Problem description: Exclude the pictures, and otherwise reproduce the data in full.

Stored data:
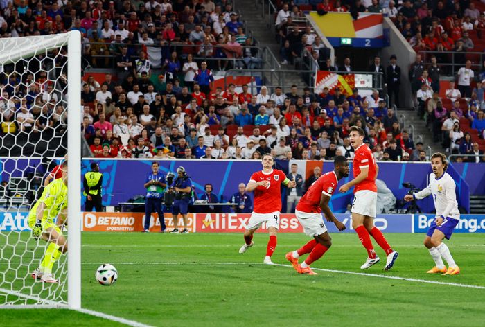 Griezmann legger inn, men et østerriksk hode får headet vekk ballen.
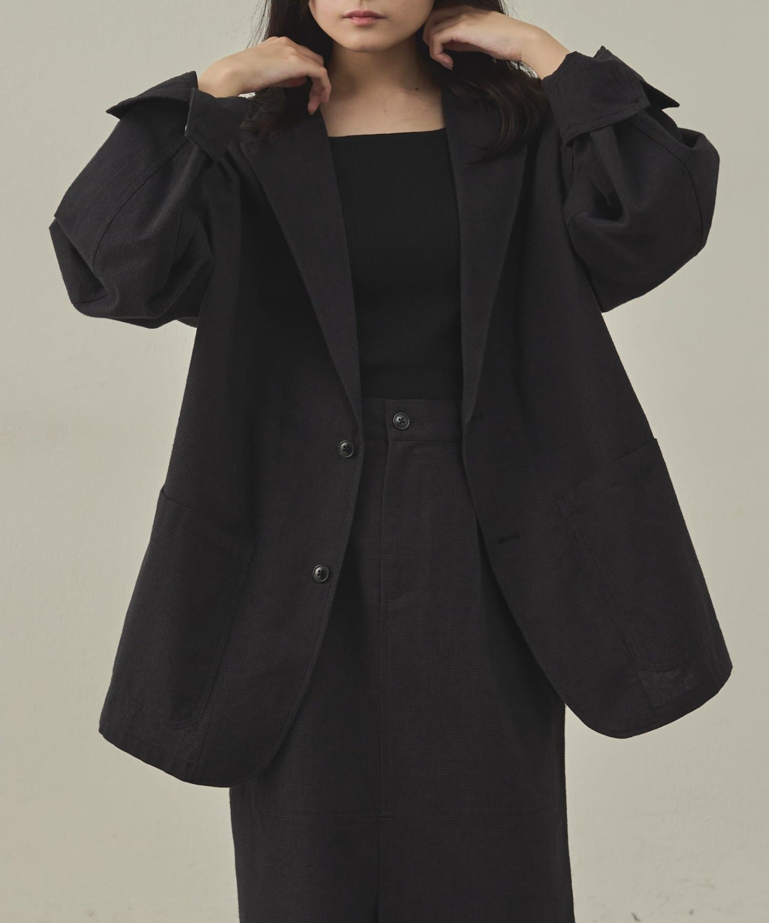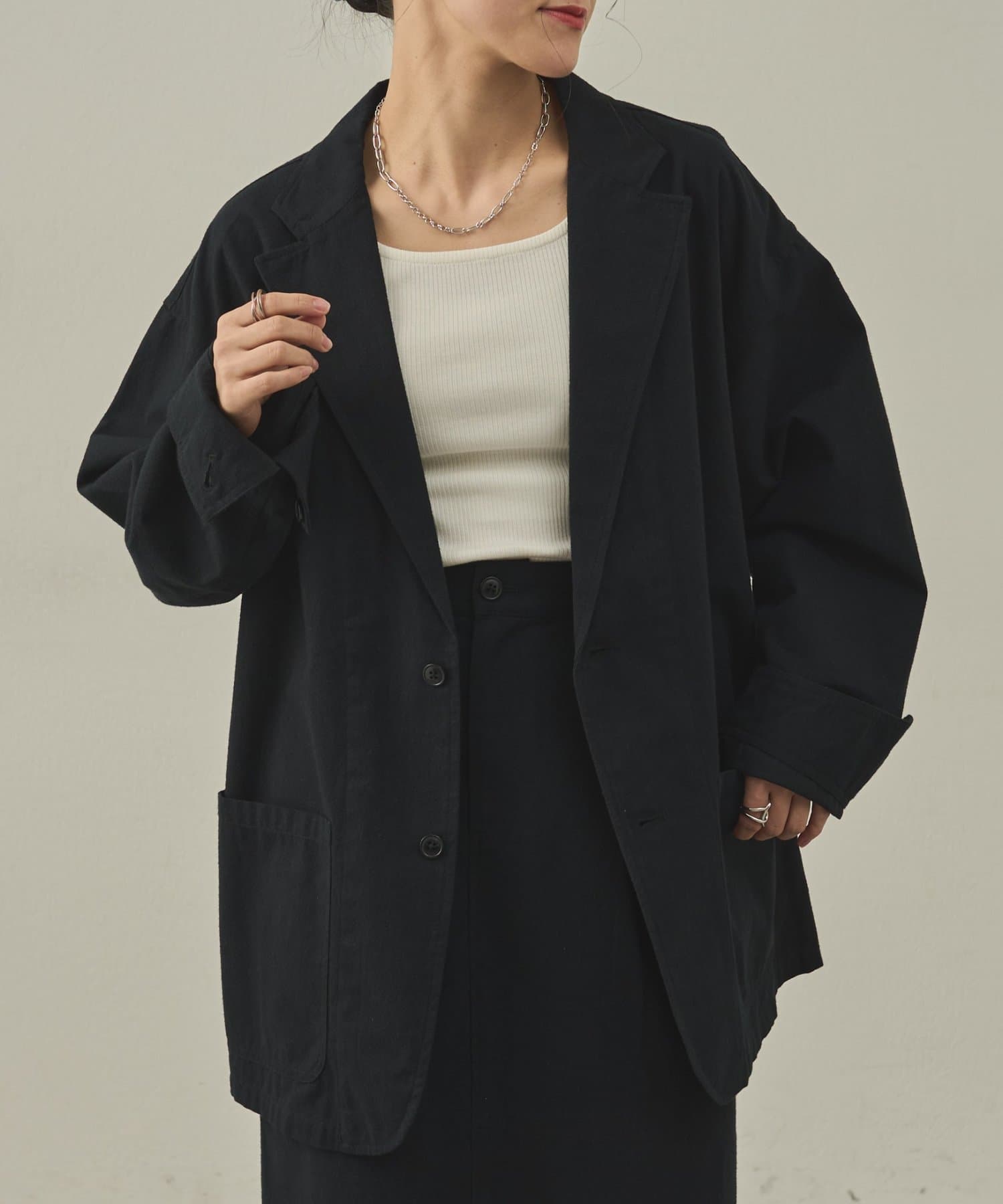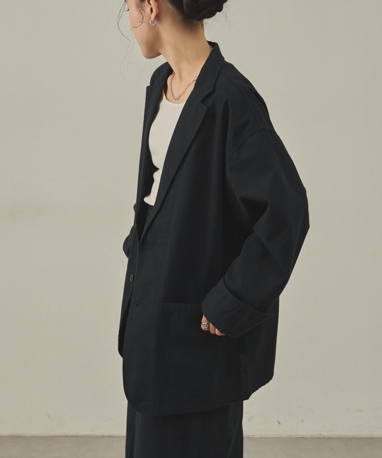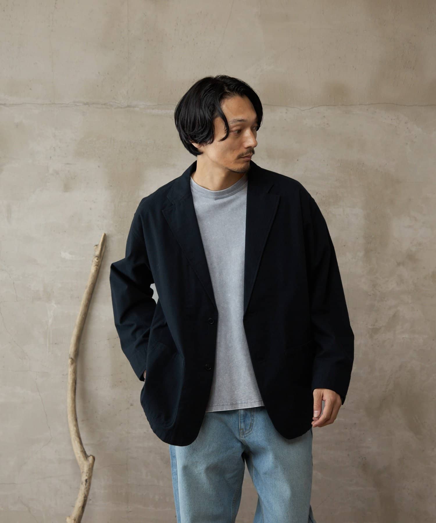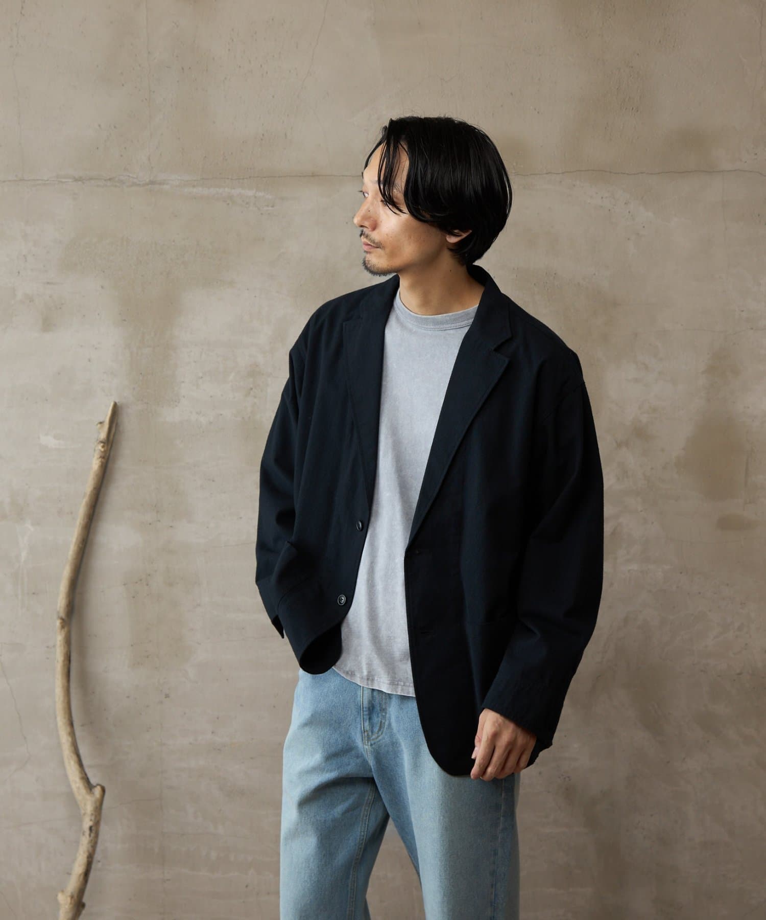 全体的にゆとりを持たせたシルエットで、 野暮ったさを感じさせない都会的な印象のジャケットです。
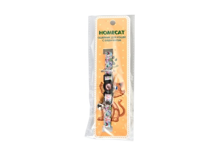 Ошейник для кошек с бубенчиком HOMECAT разработан с учётом анатомических особенностей котов и кошек. На ошейнике есть бубенчик, что сделает вашего питомца более заметным. Отстёгивается ошейник одним нажантием на кнопку пластикового карабина. Длинна ошейника регулируется от 20 до 30см. С продукцией HOMECAT комфортно и безопасно.

Reply to the task:
 Griezmann legger inn, men et østerriksk hode får headet vekk ballen.
 全体的にゆとりを持たせたシルエットで、 野暮ったさを感じさせない都会的な印象のジャケットです。
 Ошейник для кошек с бубенчиком HOMECAT разработан с учётом анатомических особенностей котов и кошек. На ошейнике есть бубенчик, что сделает вашего питомца более заметным. Отстёгивается ошейник одним нажантием на кнопку пластикового карабина. Длинна ошейника регулируется от 20 до 30см. С продукцией HOMECAT комфортно и безопасно.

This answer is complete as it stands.